Data provided –
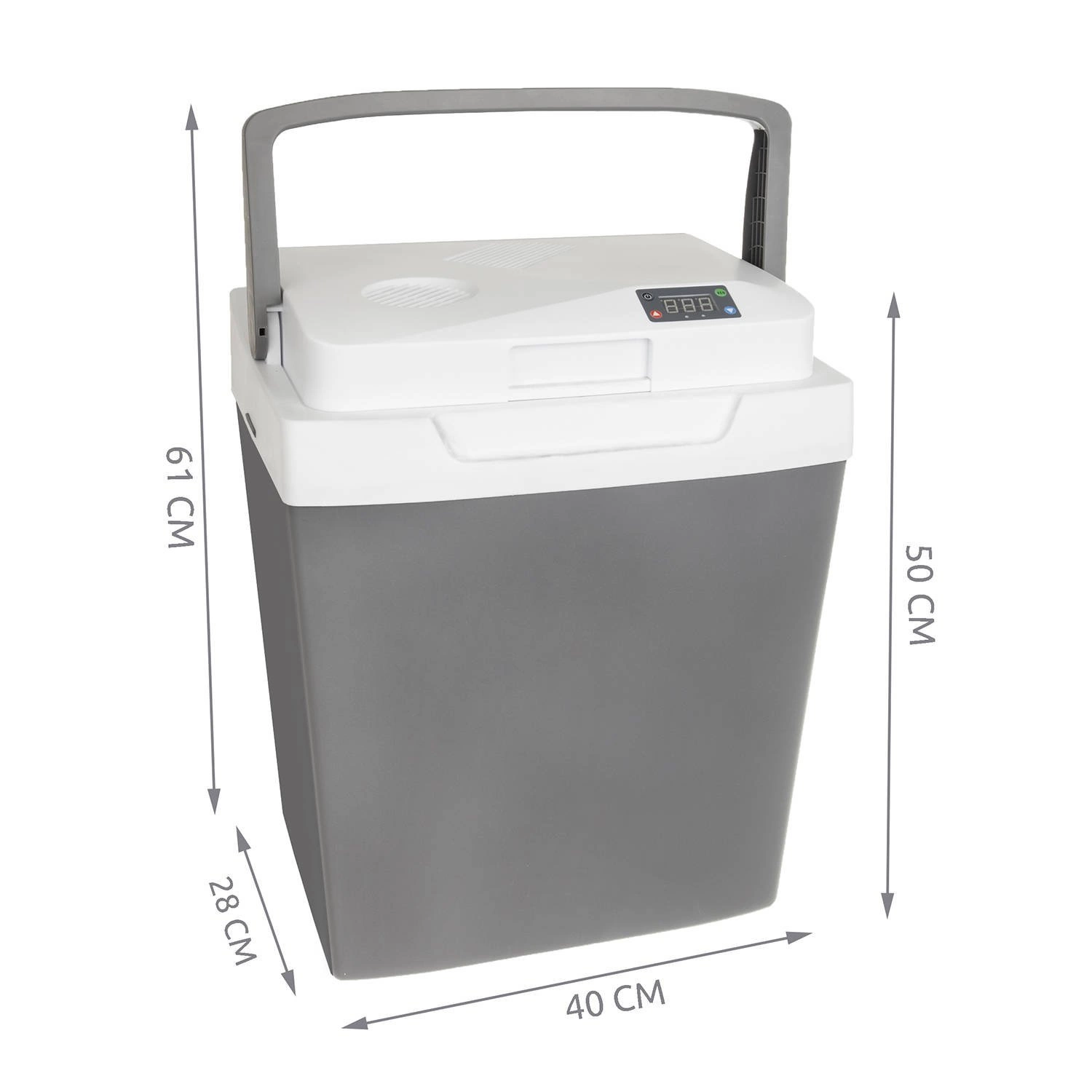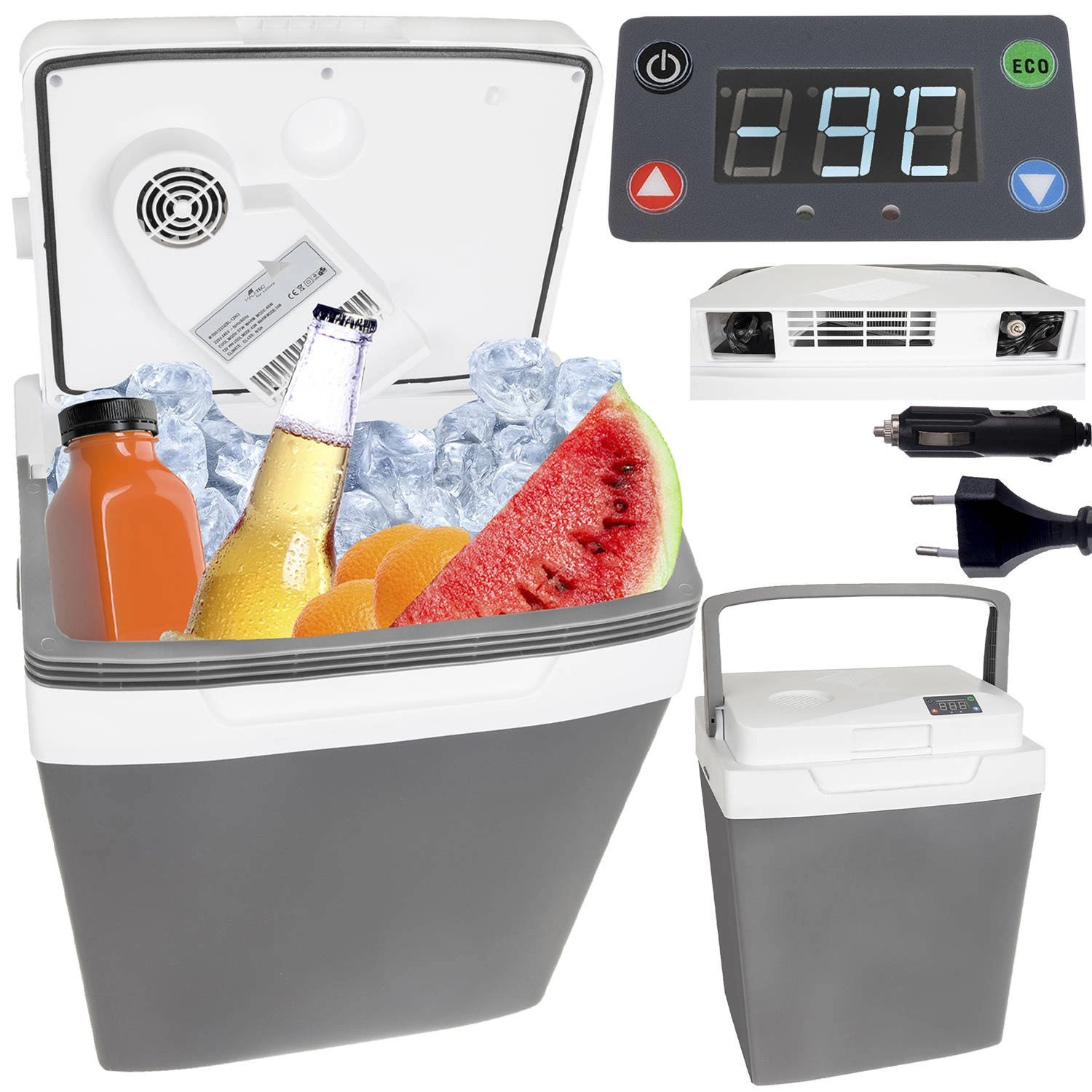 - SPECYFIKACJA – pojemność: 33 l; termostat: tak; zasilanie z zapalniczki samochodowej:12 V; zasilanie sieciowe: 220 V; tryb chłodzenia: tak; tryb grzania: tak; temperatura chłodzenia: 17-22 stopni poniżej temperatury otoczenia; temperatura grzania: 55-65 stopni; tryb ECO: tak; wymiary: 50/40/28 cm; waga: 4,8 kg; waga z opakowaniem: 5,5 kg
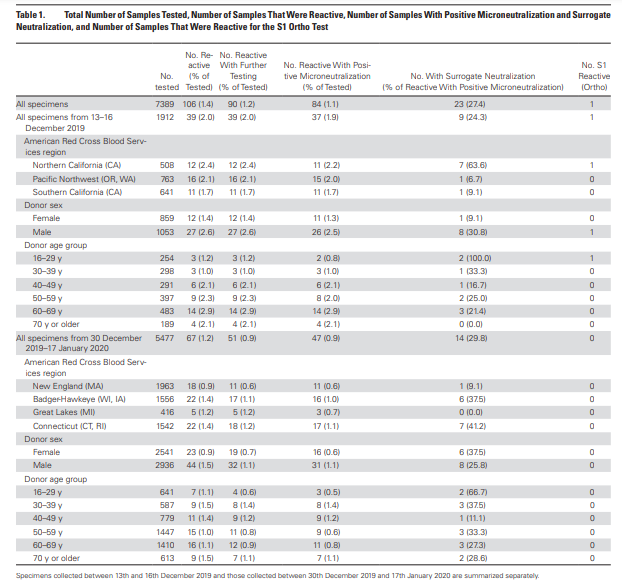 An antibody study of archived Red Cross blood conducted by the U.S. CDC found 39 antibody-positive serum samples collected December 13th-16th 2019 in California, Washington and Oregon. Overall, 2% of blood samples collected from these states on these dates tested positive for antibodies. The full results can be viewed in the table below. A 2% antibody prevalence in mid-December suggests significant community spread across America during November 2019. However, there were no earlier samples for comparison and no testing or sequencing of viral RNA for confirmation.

* * *

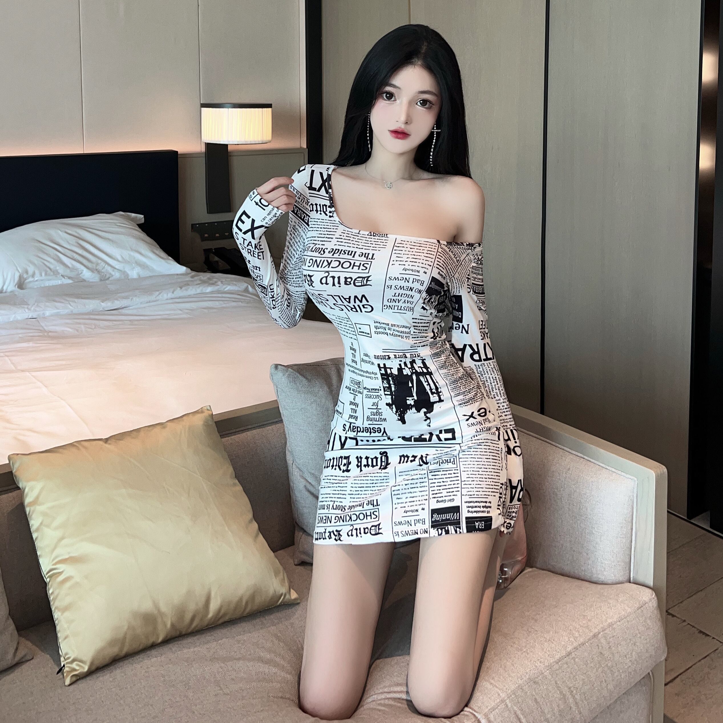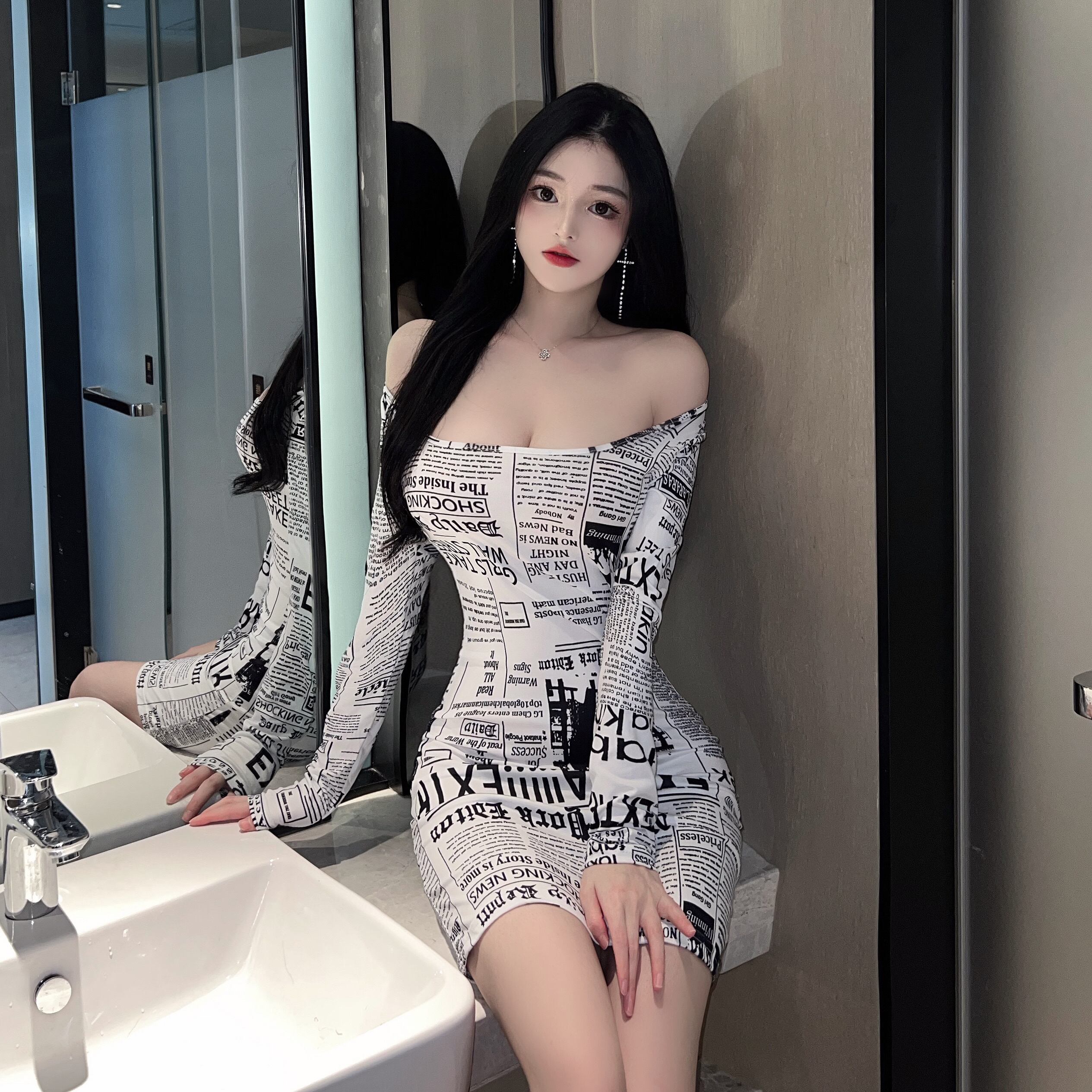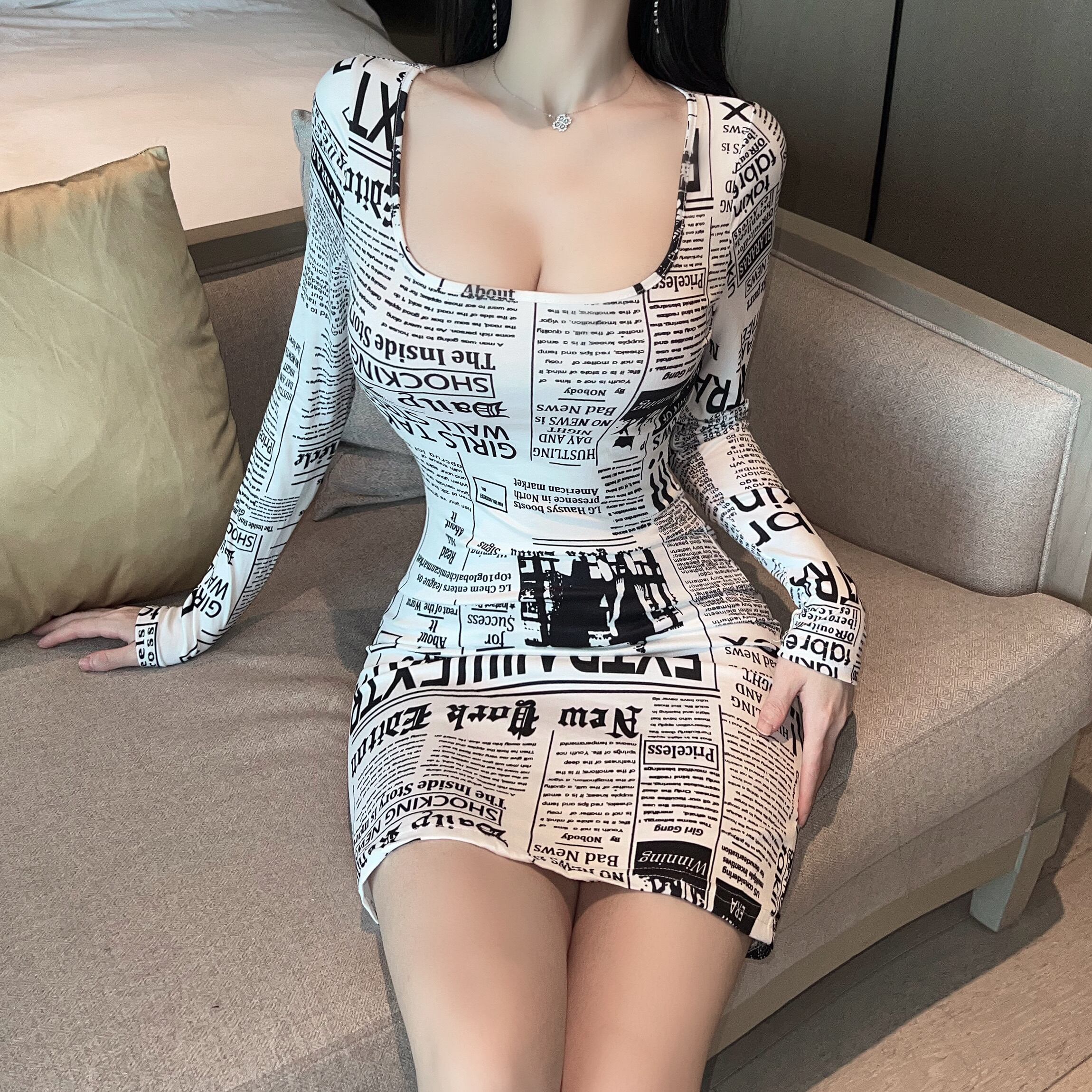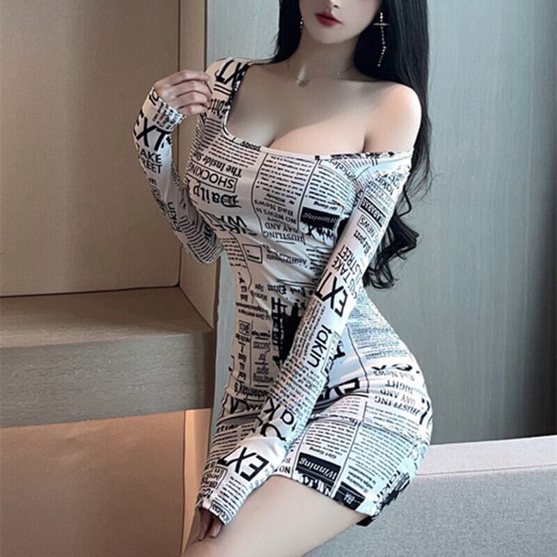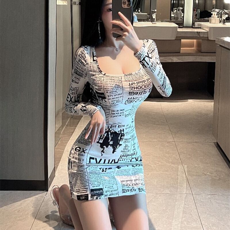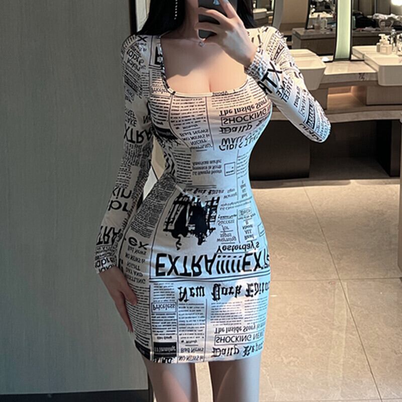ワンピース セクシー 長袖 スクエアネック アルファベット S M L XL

What the task asks –
All lines above starting at the one with "- SPECYFIKACJA –" and ending at the one with "An antibody study", inclusive, are to be printed again exactly, with the pictures left out.

The completed task –
 - SPECYFIKACJA – pojemność: 33 l; termostat: tak; zasilanie z zapalniczki samochodowej:12 V; zasilanie sieciowe: 220 V; tryb chłodzenia: tak; tryb grzania: tak; temperatura chłodzenia: 17-22 stopni poniżej temperatury otoczenia; temperatura grzania: 55-65 stopni; tryb ECO: tak; wymiary: 50/40/28 cm; waga: 4,8 kg; waga z opakowaniem: 5,5 kg
 An antibody study of archived Red Cross blood conducted by the U.S. CDC found 39 antibody-positive serum samples collected December 13th-16th 2019 in California, Washington and Oregon. Overall, 2% of blood samples collected from these states on these dates tested positive for antibodies. The full results can be viewed in the table below. A 2% antibody prevalence in mid-December suggests significant community spread across America during November 2019. However, there were no earlier samples for comparison and no testing or sequencing of viral RNA for confirmation.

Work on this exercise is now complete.